--- Goal of the exercise ---
Copy the records exactly. Every line must match.

--- Provided records ---
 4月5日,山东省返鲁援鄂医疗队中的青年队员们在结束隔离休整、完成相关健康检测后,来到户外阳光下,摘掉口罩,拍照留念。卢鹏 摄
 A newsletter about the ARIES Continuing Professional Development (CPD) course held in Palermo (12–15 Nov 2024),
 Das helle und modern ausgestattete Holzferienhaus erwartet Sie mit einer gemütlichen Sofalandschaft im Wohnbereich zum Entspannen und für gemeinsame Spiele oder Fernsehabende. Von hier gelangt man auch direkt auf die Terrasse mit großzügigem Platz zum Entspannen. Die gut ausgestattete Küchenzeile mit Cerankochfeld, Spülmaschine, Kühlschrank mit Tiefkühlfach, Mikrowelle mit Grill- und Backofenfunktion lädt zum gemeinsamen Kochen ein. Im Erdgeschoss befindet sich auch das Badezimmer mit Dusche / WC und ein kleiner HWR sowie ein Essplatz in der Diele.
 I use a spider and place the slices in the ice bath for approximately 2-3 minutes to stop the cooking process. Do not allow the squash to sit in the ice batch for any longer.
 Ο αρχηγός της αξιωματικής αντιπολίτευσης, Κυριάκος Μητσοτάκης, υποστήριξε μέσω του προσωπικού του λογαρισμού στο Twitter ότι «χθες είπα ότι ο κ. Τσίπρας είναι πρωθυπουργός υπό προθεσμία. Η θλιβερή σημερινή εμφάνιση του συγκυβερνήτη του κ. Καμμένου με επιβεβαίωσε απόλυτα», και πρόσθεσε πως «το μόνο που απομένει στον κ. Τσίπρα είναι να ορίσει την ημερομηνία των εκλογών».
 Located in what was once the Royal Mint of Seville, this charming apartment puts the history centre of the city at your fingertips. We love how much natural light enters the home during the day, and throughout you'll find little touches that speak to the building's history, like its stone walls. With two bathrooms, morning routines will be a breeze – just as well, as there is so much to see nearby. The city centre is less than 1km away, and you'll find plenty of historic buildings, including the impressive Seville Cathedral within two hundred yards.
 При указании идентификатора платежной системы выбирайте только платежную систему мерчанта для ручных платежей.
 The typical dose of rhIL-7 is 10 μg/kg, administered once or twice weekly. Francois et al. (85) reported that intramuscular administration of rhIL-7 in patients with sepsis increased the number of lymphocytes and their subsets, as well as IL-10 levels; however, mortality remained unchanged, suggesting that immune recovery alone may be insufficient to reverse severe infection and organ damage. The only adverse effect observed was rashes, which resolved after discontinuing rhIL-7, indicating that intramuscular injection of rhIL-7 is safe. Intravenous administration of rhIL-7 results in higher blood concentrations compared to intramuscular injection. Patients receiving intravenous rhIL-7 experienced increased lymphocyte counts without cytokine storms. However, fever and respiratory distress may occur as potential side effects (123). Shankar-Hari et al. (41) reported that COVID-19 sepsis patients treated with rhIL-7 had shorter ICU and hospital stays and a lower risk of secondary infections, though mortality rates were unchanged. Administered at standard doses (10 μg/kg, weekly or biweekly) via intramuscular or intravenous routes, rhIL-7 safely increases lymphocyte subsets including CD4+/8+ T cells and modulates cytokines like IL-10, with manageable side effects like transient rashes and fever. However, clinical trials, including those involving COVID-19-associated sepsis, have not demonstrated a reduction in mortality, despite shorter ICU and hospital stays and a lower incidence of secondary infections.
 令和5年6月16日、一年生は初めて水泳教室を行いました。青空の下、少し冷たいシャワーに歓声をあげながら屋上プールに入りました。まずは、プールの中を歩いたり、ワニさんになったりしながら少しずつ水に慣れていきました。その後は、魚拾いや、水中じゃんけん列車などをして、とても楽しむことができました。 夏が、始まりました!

--- Response to this exercise ---
 4月5日,山东省返鲁援鄂医疗队中的青年队员们在结束隔离休整、完成相关健康检测后,来到户外阳光下,摘掉口罩,拍照留念。卢鹏 摄
 A newsletter about the ARIES Continuing Professional Development (CPD) course held in Palermo (12–15 Nov 2024),
 Das helle und modern ausgestattete Holzferienhaus erwartet Sie mit einer gemütlichen Sofalandschaft im Wohnbereich zum Entspannen und für gemeinsame Spiele oder Fernsehabende. Von hier gelangt man auch direkt auf die Terrasse mit großzügigem Platz zum Entspannen. Die gut ausgestattete Küchenzeile mit Cerankochfeld, Spülmaschine, Kühlschrank mit Tiefkühlfach, Mikrowelle mit Grill- und Backofenfunktion lädt zum gemeinsamen Kochen ein. Im Erdgeschoss befindet sich auch das Badezimmer mit Dusche / WC und ein kleiner HWR sowie ein Essplatz in der Diele.
 I use a spider and place the slices in the ice bath for approximately 2-3 minutes to stop the cooking process. Do not allow the squash to sit in the ice batch for any longer.
 Ο αρχηγός της αξιωματικής αντιπολίτευσης, Κυριάκος Μητσοτάκης, υποστήριξε μέσω του προσωπικού του λογαρισμού στο Twitter ότι «χθες είπα ότι ο κ. Τσίπρας είναι πρωθυπουργός υπό προθεσμία. Η θλιβερή σημερινή εμφάνιση του συγκυβερνήτη του κ. Καμμένου με επιβεβαίωσε απόλυτα», και πρόσθεσε πως «το μόνο που απομένει στον κ. Τσίπρα είναι να ορίσει την ημερομηνία των εκλογών».
 Located in what was once the Royal Mint of Seville, this charming apartment puts the history centre of the city at your fingertips. We love how much natural light enters the home during the day, and throughout you'll find little touches that speak to the building's history, like its stone walls. With two bathrooms, morning routines will be a breeze – just as well, as there is so much to see nearby. The city centre is less than 1km away, and you'll find plenty of historic buildings, including the impressive Seville Cathedral within two hundred yards.
 При указании идентификатора платежной системы выбирайте только платежную систему мерчанта для ручных платежей.
 The typical dose of rhIL-7 is 10 μg/kg, administered once or twice weekly. Francois et al. (85) reported that intramuscular administration of rhIL-7 in patients with sepsis increased the number of lymphocytes and their subsets, as well as IL-10 levels; however, mortality remained unchanged, suggesting that immune recovery alone may be insufficient to reverse severe infection and organ damage. The only adverse effect observed was rashes, which resolved after discontinuing rhIL-7, indicating that intramuscular injection of rhIL-7 is safe. Intravenous administration of rhIL-7 results in higher blood concentrations compared to intramuscular injection. Patients receiving intravenous rhIL-7 experienced increased lymphocyte counts without cytokine storms. However, fever and respiratory distress may occur as potential side effects (123). Shankar-Hari et al. (41) reported that COVID-19 sepsis patients treated with rhIL-7 had shorter ICU and hospital stays and a lower risk of secondary infections, though mortality rates were unchanged. Administered at standard doses (10 μg/kg, weekly or biweekly) via intramuscular or intravenous routes, rhIL-7 safely increases lymphocyte subsets including CD4+/8+ T cells and modulates cytokines like IL-10, with manageable side effects like transient rashes and fever. However, clinical trials, including those involving COVID-19-associated sepsis, have not demonstrated a reduction in mortality, despite shorter ICU and hospital stays and a lower incidence of secondary infections.
 令和5年6月16日、一年生は初めて水泳教室を行いました。青空の下、少し冷たいシャワーに歓声をあげながら屋上プールに入りました。まずは、プールの中を歩いたり、ワニさんになったりしながら少しずつ水に慣れていきました。その後は、魚拾いや、水中じゃんけん列車などをして、とても楽しむことができました。 夏が、始まりました!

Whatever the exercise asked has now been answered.